The center’s co-director, Hadas Kaplan, asked me whether I had any questions, and all I could think of was the one I didn’t dare ruin the moment by asking out loud:
Is this Israel’s future or its past?
I can’t say the question came out of nowhere. The big news in Israel all week, in the aftermath of the Feb. 10 elections, was the rise of Avigdor Lieberman. The 51-year-old immigrant from Moldova received 15 Knesset seats as head of the Yisrael Beiteinu Party. It wasn’t enough to make him prime minister, but given Israel’s electoral system, in which governments are constructed not by direct voting but by post-poll horse-trading, the results ensured Lieberman a decisive role in the nation’s next coalition.
Depending on whom you talk to or read in Israel, Lieberman is either a refreshing truth-teller who can get the country back on course or a racist, fascist demagogue who will destroy it from within.
At first, his party represented the thwarted political aspirations of the nation’s recent immigrants from the former Soviet Union. But in this election, Lieberman’s boldest statements struck home with a broader range of constituencies.
“The young people really turned out for him,” a Tel Aviv friend told me, “even the ones too young to vote love him. You don’t get 15 mandates just from Russians.”
Lieberman’s politics are neither classically right nor left. He supports a Palestinian state, but he also wants all citizens of Israel to sign a loyalty oath, and he’s called for Israel to “trade” the Galilee region, with its 60 percent Arab Israeli population, for Jewish settlements in the West Bank.

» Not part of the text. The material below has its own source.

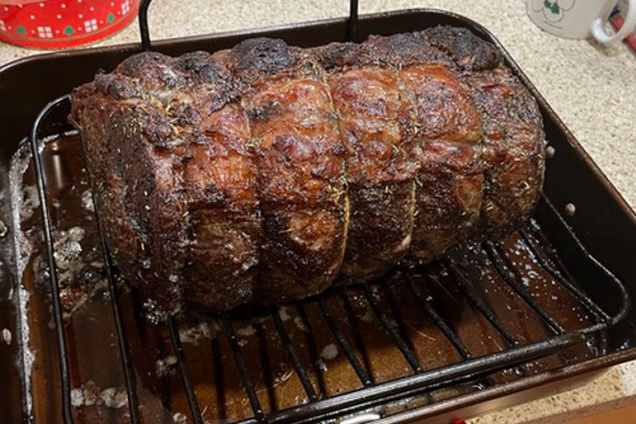 I followed Chef Jean Pierre’s instructions, but I hedged my bet by using the Meater Bluetooth thermometer to measure the temperature of this cook. Our prime rib was a five-bone roast weighing 11 pounds. This was to be served to nine people at Christmas dinner. I felt considerable pressure to not screw this up.

Lieberman sees Israeli Arabs, who account for about 20 percent of Israel’s population, as a fifth column that will destroy the country.
He had an easy target in radical Arab Israeli leaders like former Knesset member Azmi Bishara, founder of the Balad Party, who fled the country after being accused of spying for Hezbollah. Bishara reportedly still receives his 8,000-shekel-a-month pension from the Israeli government.
Two weeks after the election, Lieberman’s campaign slogan, “No loyalty, no citizenship,” still called out from rain-soaked billboards.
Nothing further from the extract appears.